#### Directions
Output the listing below exactly, minus its images.

#### Data excerpt

_ _ _

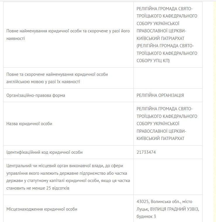 По состоянию на 7 июня 2020 года главный храм Волынской епархии ПЦУ – Свято-Троицкий кафедральный собор г. Луцка – не сменил свою регистрацию: его община остается в юрисдикции Киевского патриархата. Об этом свидетельствуют данные запроса в реестр юридических лиц Министерства юстиции Украины, сообщает корреспондент СПЖ.
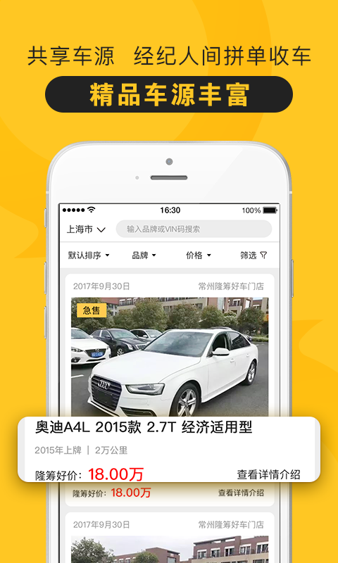 经纪人发布同城车源,线上曝光,提供串货;
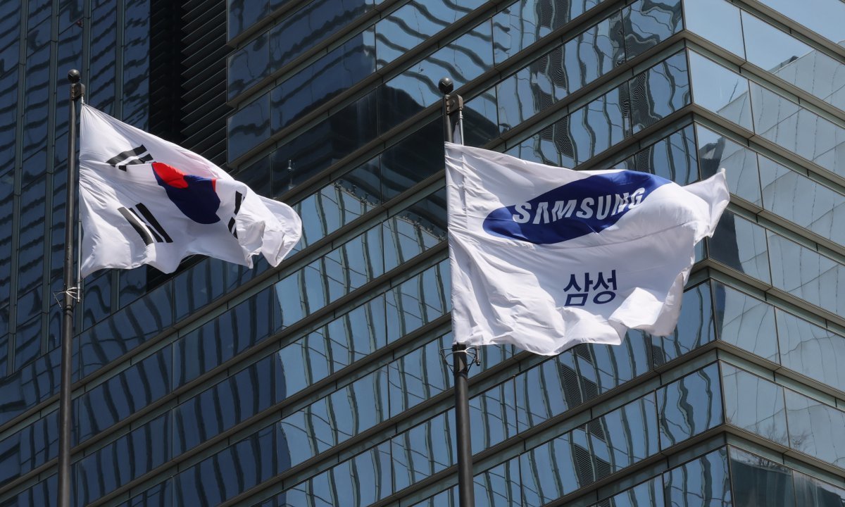 서울 서초구 삼성전자 서초사옥에 삼성 깃발이 바람에 펄럭이고 있다. 뉴스1

_ _ _

#### Exercise response
 По состоянию на 7 июня 2020 года главный храм Волынской епархии ПЦУ – Свято-Троицкий кафедральный собор г. Луцка – не сменил свою регистрацию: его община остается в юрисдикции Киевского патриархата. Об этом свидетельствуют данные запроса в реестр юридических лиц Министерства юстиции Украины, сообщает корреспондент СПЖ.
 经纪人发布同城车源,线上曝光,提供串货;
 서울 서초구 삼성전자 서초사옥에 삼성 깃발이 바람에 펄럭이고 있다. 뉴스1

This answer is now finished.